The Company maintains various stock incentive plans that provide long-term incentives to the Company’s key employees, including officers, directors, consultants and advisors (Eligible Participants). Under the incentive plans, the Company may grant incentive stock options, non-qualified stock options, restricted stock, restricted stock units, stock appreciation rights, other stock-based awards or any combination thereof to Eligible Participants. The Compensation Committee of the Company’s Board of Directors establishes the terms and conditions of any awards granted under the plans, provided that the exercise price of any stock options granted may not be less than the fair value of the common stock on the date of the grant.

Stock Options

The Company has granted non-qualified stock options under its stock incentive plans. The stock options generally vest in equal installments over three years and expire in ten years. Non-vested stock options are generally forfeitable upon termination of employment. During 2012, the Company granted 78,043 non-qualified stock options under these same terms and also assumed and converted 2,668,046 non-qualified stock options related to the merger with Complete.

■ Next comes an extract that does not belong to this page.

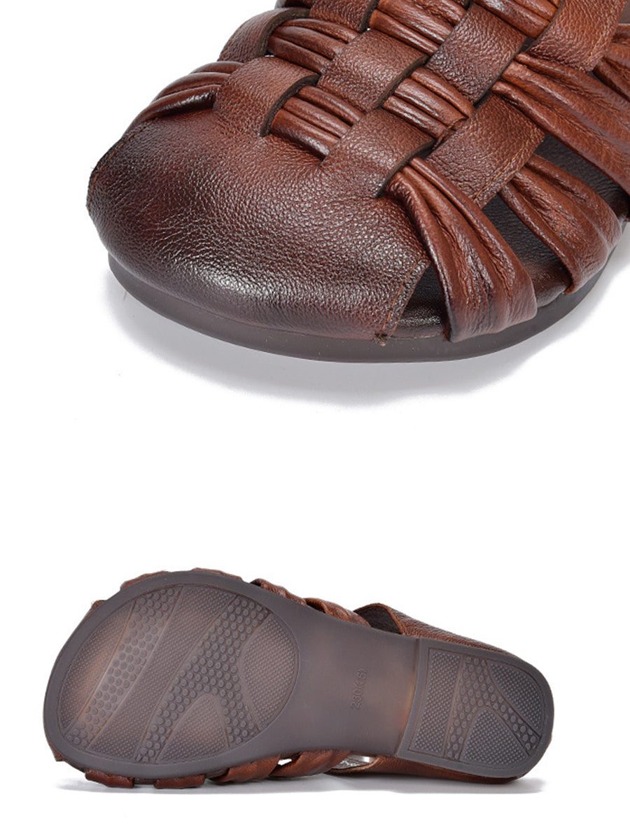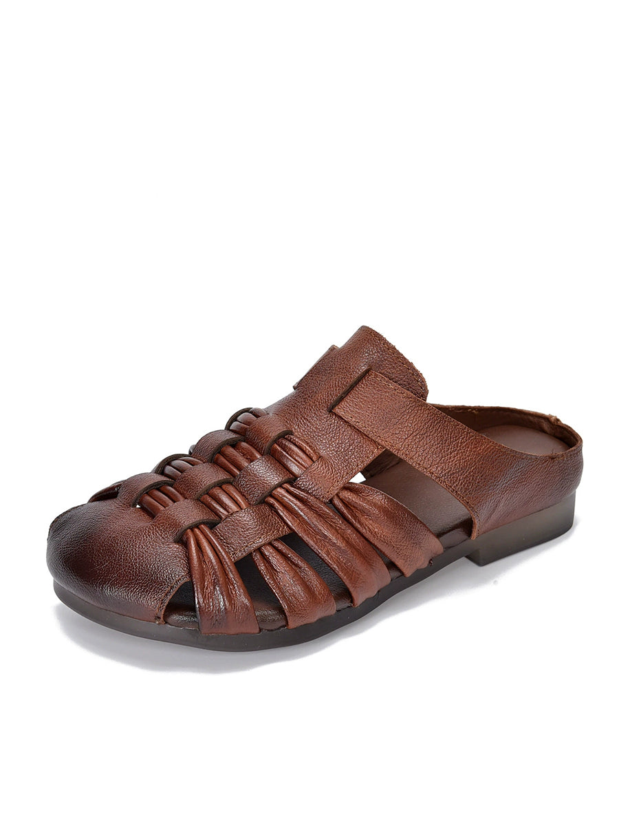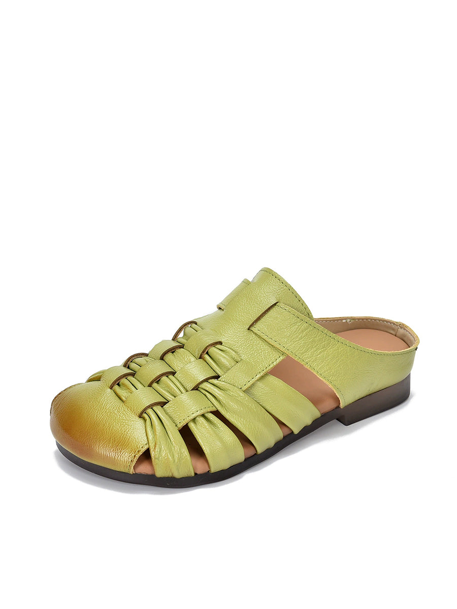 נעלי בית ארוגות מעור אמיתי לקיץ לנשים

In accordance with authoritative guidance related to stock-based compensation, the Company recognizes compensation expense for stock option grants based on the fair value at the date of grant using the Black-Scholes-Merton option pricing model. The Company uses historical data, among other factors, to estimate the expected price volatility, the expected life of the stock option and the expected forfeiture rate. The risk-free rate is based on the U.S. Treasury yield curve in effect at the time of grant for the expected life of the stock option. The following table presents the fair value of stock option grants made during the years ended December 31, 2012, 2011 and 2010, as well as the options assumed and converted in the Complete acquisition, and the related assumptions used to calculate the fair value:

 

     Years Ended December 31,  
     2012
Actual
    2011
Actual
    2010
Actual
 

Weighted average fair value of grants

   $ 21.76      $ 13.54      $ 10.56   
  

 

 

   

 

 

   

 

 

 

Black-Scholes-Merton Assumptions:

      

Risk free interest rate

     0.41     0.85     2.07

Expected life (years)

     2        5        4   

Volatility

     55.27     56.31     49.28

Dividend yield

     —          —          —     

For 2012, the expected life of options assumed and converted in connection with the Complete acquisition was approximately two years, and the expected life of new option grants issued in 2012 was approximately five years, resulting in a weighted average life of approximately two years.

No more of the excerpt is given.